(Extracted data begins)
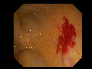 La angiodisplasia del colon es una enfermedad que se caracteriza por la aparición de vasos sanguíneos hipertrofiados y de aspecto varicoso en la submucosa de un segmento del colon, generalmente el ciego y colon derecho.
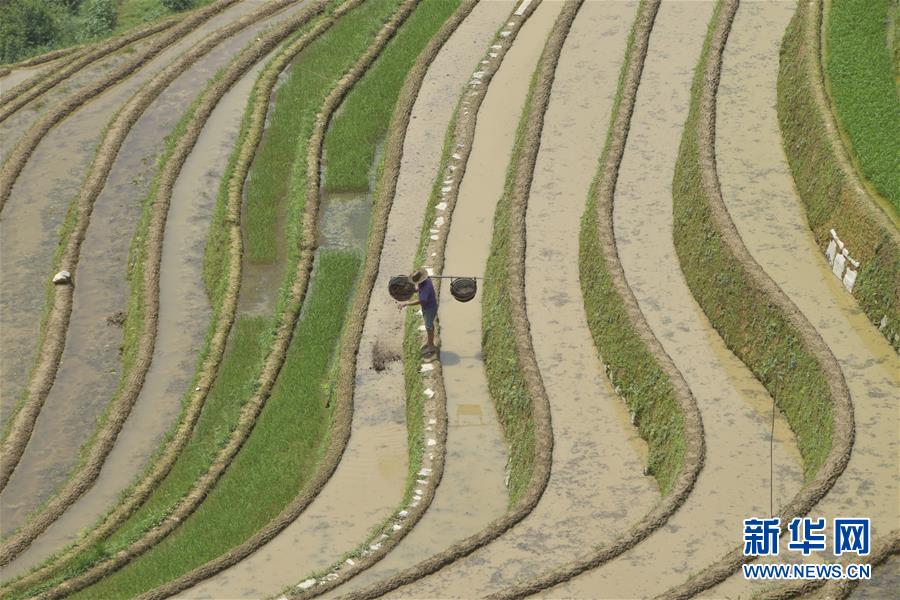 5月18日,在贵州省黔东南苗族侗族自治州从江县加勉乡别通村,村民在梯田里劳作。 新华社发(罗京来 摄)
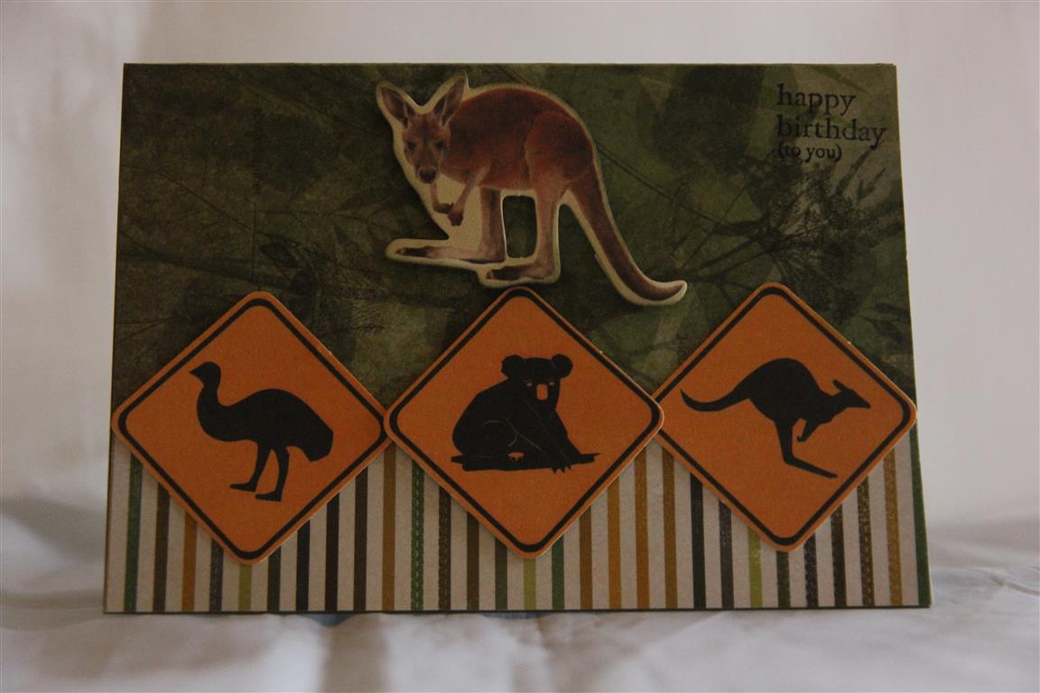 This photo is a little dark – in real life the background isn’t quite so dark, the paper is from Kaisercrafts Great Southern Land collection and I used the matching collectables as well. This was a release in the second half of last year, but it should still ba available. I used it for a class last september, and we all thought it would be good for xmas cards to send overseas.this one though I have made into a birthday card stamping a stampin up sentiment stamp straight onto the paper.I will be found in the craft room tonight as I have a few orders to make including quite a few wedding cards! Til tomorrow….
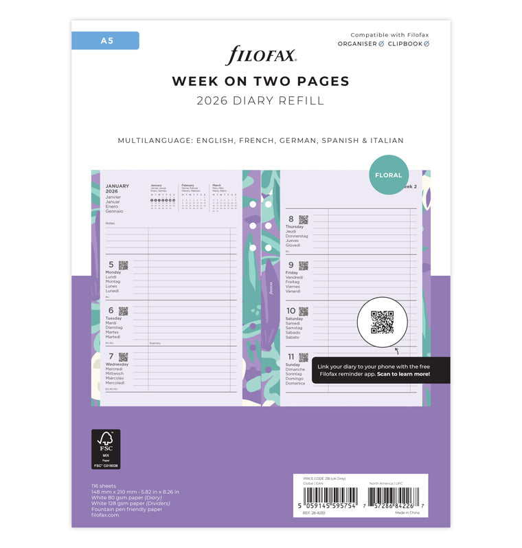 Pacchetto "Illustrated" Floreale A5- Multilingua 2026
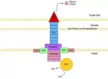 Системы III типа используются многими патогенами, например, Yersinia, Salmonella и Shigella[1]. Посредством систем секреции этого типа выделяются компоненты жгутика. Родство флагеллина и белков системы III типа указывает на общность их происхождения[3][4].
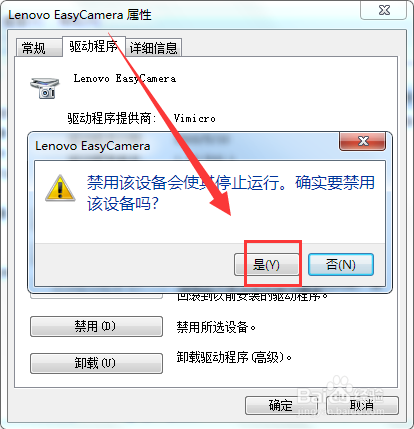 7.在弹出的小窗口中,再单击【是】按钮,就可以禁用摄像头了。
(Extracted data ends)
(Extracted data begins)
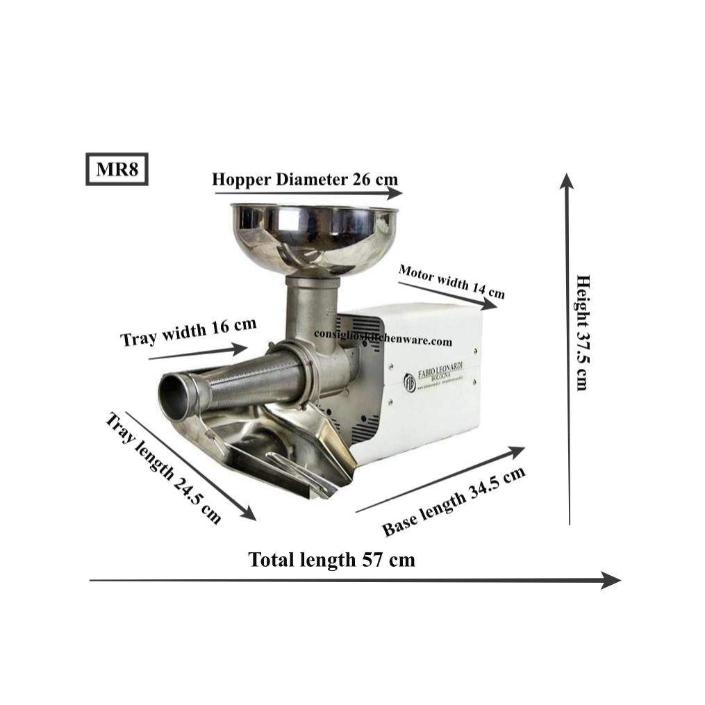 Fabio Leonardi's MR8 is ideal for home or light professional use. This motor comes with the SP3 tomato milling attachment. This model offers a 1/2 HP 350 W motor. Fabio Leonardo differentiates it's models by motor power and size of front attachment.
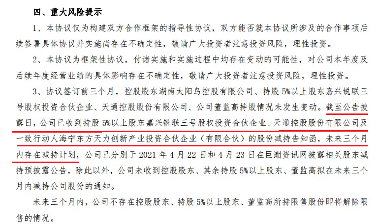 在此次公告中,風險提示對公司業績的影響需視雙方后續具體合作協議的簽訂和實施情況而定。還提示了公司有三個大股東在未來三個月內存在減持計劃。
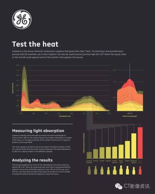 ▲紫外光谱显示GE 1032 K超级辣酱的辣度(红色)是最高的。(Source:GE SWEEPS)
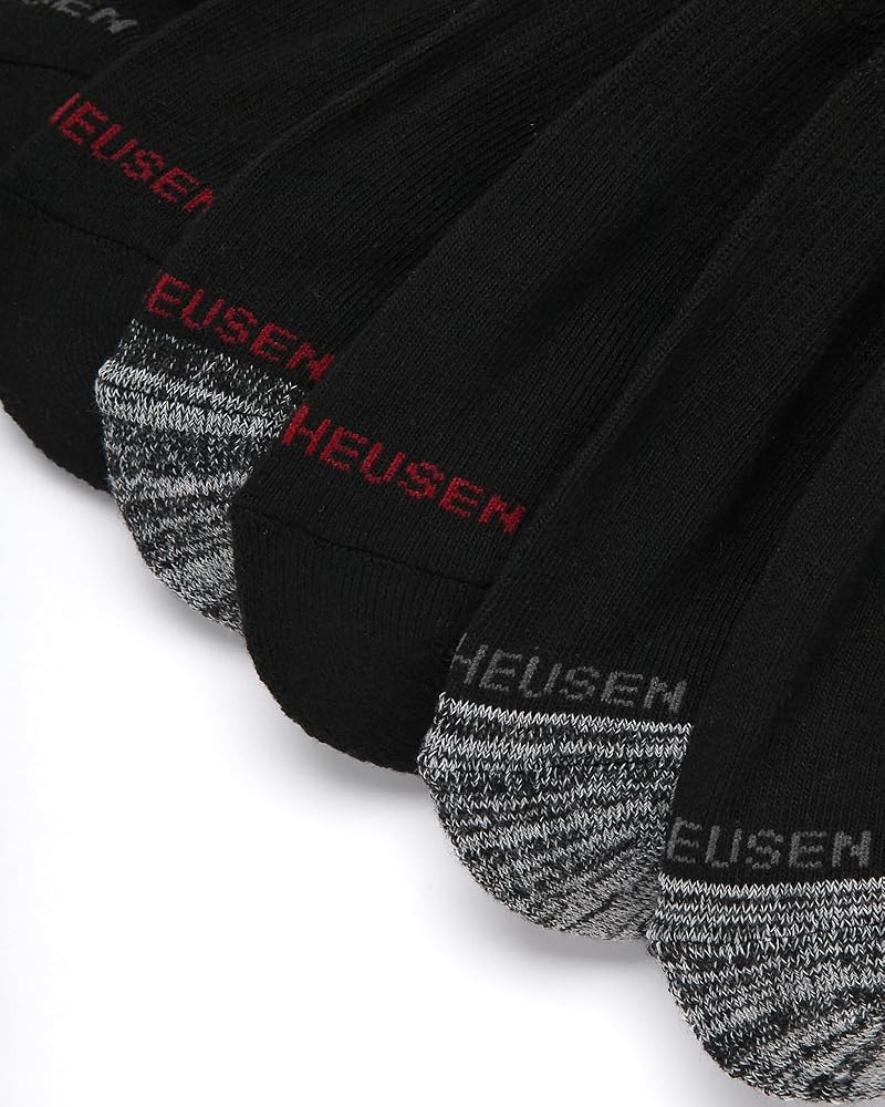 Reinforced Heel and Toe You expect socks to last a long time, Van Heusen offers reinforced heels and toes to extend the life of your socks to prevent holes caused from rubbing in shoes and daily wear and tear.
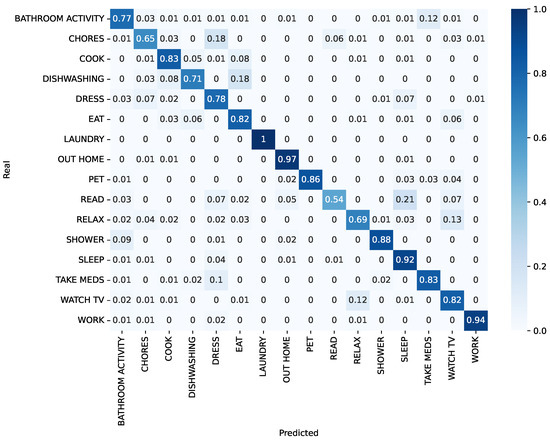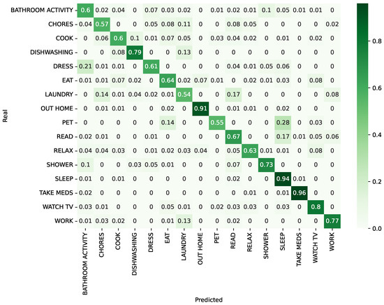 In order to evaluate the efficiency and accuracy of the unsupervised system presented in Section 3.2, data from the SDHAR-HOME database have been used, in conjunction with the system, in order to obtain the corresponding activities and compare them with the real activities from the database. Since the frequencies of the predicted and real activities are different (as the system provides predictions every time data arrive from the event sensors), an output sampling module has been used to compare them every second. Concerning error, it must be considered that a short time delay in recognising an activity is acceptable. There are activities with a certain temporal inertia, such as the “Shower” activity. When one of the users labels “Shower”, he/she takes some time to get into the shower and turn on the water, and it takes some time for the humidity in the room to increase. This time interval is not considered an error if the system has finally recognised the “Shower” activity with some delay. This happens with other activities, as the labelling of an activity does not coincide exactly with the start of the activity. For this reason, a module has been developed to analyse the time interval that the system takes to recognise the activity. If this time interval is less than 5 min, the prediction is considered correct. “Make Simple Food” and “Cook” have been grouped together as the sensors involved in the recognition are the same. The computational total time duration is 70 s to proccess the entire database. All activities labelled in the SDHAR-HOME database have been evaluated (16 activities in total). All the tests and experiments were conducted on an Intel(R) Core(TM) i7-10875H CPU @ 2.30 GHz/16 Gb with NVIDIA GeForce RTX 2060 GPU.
(Extracted data ends)
Brief | Look above for the line with "This photo is" and the line with "7.在弹出的小窗口中,再单击【是】按钮,就可以禁用摄像头了。"; set down those two lines and all lines between them exactly, without pictures and without anything else.

Your response |
 This photo is a little dark – in real life the background isn’t quite so dark, the paper is from Kaisercrafts Great Southern Land collection and I used the matching collectables as well. This was a release in the second half of last year, but it should still ba available. I used it for a class last september, and we all thought it would be good for xmas cards to send overseas.this one though I have made into a birthday card stamping a stampin up sentiment stamp straight onto the paper.I will be found in the craft room tonight as I have a few orders to make including quite a few wedding cards! Til tomorrow….
 Pacchetto "Illustrated" Floreale A5- Multilingua 2026
 Системы III типа используются многими патогенами, например, Yersinia, Salmonella и Shigella[1]. Посредством систем секреции этого типа выделяются компоненты жгутика. Родство флагеллина и белков системы III типа указывает на общность их происхождения[3][4].
 7.在弹出的小窗口中,再单击【是】按钮,就可以禁用摄像头了。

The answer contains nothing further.